The specialist manufacturer of Residence Collection says, any decision to extend current provisions under PAS24 to replacement markets as part of the revision of Part Q, would increase weight and associated handling costs. Affecting anyone fitting R9 as a glass-bonded system.

With the consultation on Part Q already overdue and expected to start early in 2023. It warns the new requirement could impact the industry, as early as summer next year.

Graham Howatson, director, HWL, said: “It can be painful enough in a new build environment where in most cases access is more straightforward. The idea of handling large R9 frames and glass-bonded units in a period installation is the thing of nightmares for fitters!

“Nothing is definite, but the signs point to an extension of current Part Q new build requirements, under PAS24:2016 to the replacement market.”

“That would mean, amongst other things, laminate glass on accessible doors and windows bringing far more weight into already heavy to handle product.”

He points out that a standard IGU in a 4/20/4mm configuration will weigh in at around 20kg/m2. This compares to a standard laminate unit in a 6/16/8.8mm configuration. comes in at around 35kg/m2 – a 75% increase in weight.

“It’s not only the inconvenience and the cost,” Graham continued, “there’s also a health and safety issue, the kind of weights we’re talking about present very real risk of injury.

“Handling frames and glass separately doesn’t eliminate that risk entirely, but it does reduce it.”

Residence 9 windows

HWL pioneered the development of a non-glass-bonded 90° jointed R9 window in 2017. This replicates a traditional 90° mechanical joint on both sides of a welded sash.

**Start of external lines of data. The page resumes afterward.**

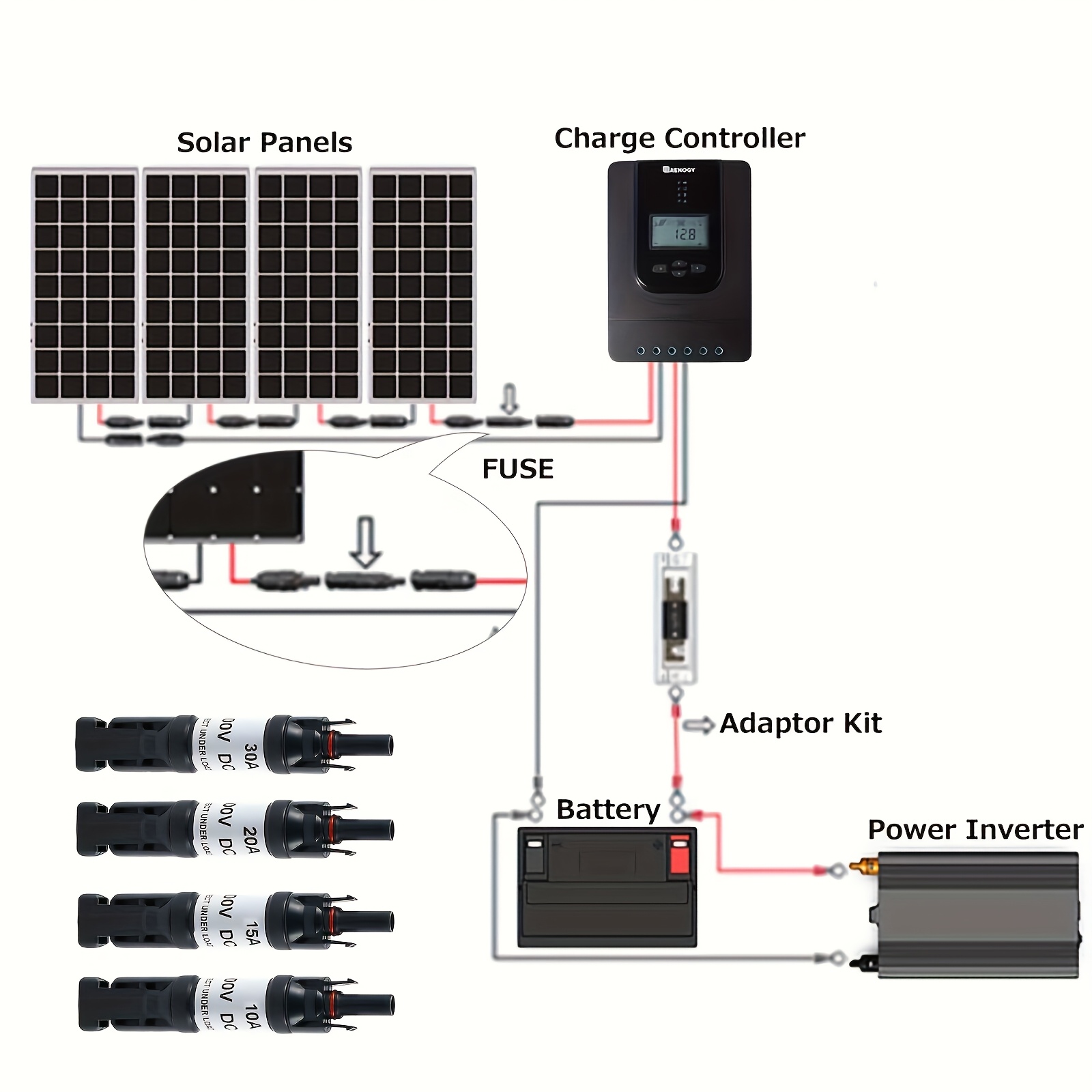 3 piezas de conectores de diodo de panel solar de 10A, 15A, 20A y 30A – Tipo MC4/MC4
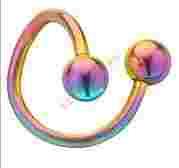 Przedmiotem aukcji jest kolczyk do ciała spirala w kolorze tęczowym z kuleczkami 3mm. Kolczyk do brwi, wargi, ucha, pępka i innych części ciała
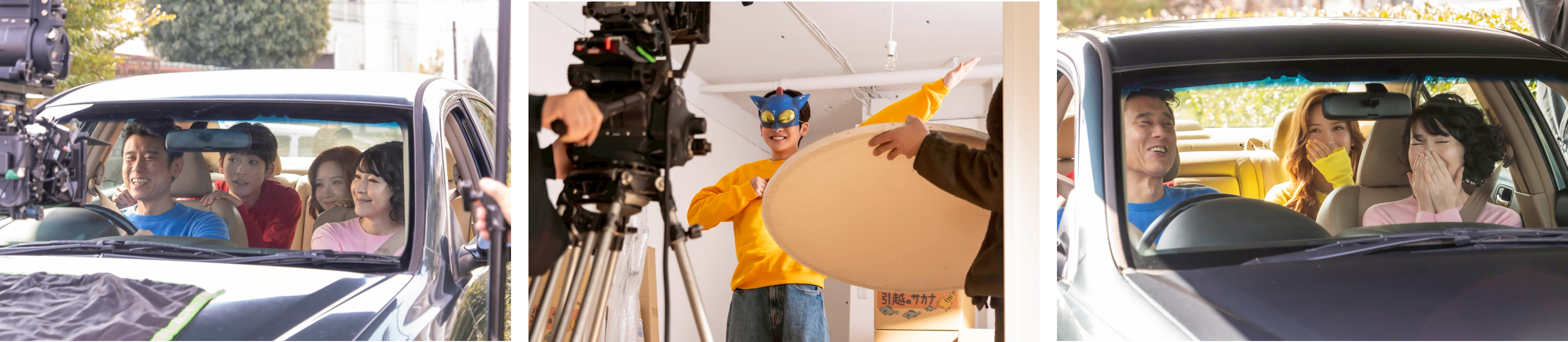 一方、しんのすけの帰りを待ちきれずに、家まで迎えに来た野原一家の車内シーンでは、本番以外の時間も近況報告で大盛り上がり。野原家らしい温かさとにぎやかさに包まれながら撮影は終了しました。
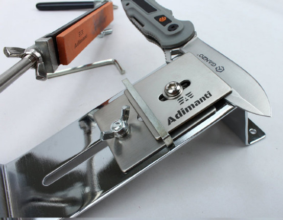 В отличие от других точилок Adimanti, модель Adimanti Touch Pro Steel — полностью металлическая, что повышает ее прочность и долговечность. Помимо того, во время затачивания, клинок можно зафиксировать в нужном положении при помощи стальной направляющей пластины. Эта особенность гарантирует полную безопасность для пользователя во время затачивания ножа, но и накладывает определенные ограничения. Металлические детали могут оставить мелкие царапины на поверхности ножа. Поэтому перед заточкой рекомендуется наклеить на клинок с обеих сторон малярную ленту, изоленту или любое другое защитное покрытие, которое сможет защитить лезвие от прямого контакта с металлом направляющей пластины и основания.
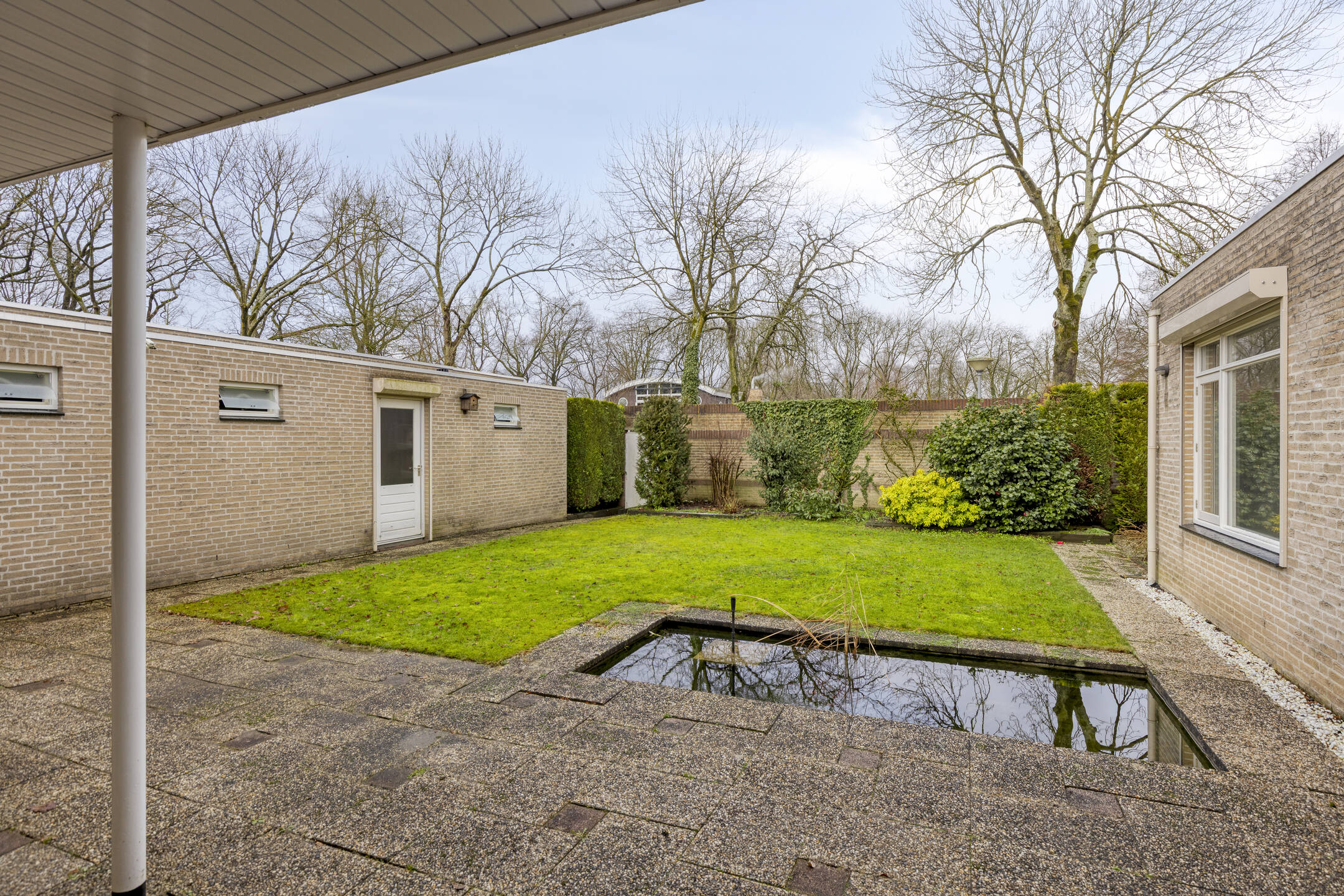 Vanuit de woonkamer heeft u via openslaande deuren toegang tot de op het zonnige westen gelegen achtertuin. Een tuin met optimale privacy. Via een royaal overdekt terras kijkt u weg over de vijverpartij en het gazon. Achterin de tuin bevindt zich een 2e terras. Via de poort is de woning achterom bereikbaar. Aansluitend aan de garage, via de tuin toegankelijk, bevindt zich een extra berging. De voor- en achtertuin zijn voorzien van een beregeningssysteem.

This effectively eliminates the pre-existing requirement to glass-bond the sash, reducing weight and simplifying handling and installation. This is done, by allowing installers to glaze windows in the same way as any other PVC-U system.

Cost modelling by the trade fabricator, suggests that this delivers savings of up to £500. On average it takes three-day’s to install, by making handling easier. There is then no requirement to bring in more labour into fitting teams.

Graham argues, it also allows installers to lower glass costs by sourcing IGUs locally. Delivering on average a further 10% saving. This extends to the supply of astragal bars, which HWL offers in kit form. This allows the installers to source heritage designs locally.

“We need to see where Part Q goes, but the fact is at present there are lots of pointers, which suggest the requirement for laminate glass that we have in new build will be extended to home improvement.”

“If that happens, it’s going to add big costs for everyone, but for installers fitting R9 as a glass bonded system a host of additional complexities and overhead.”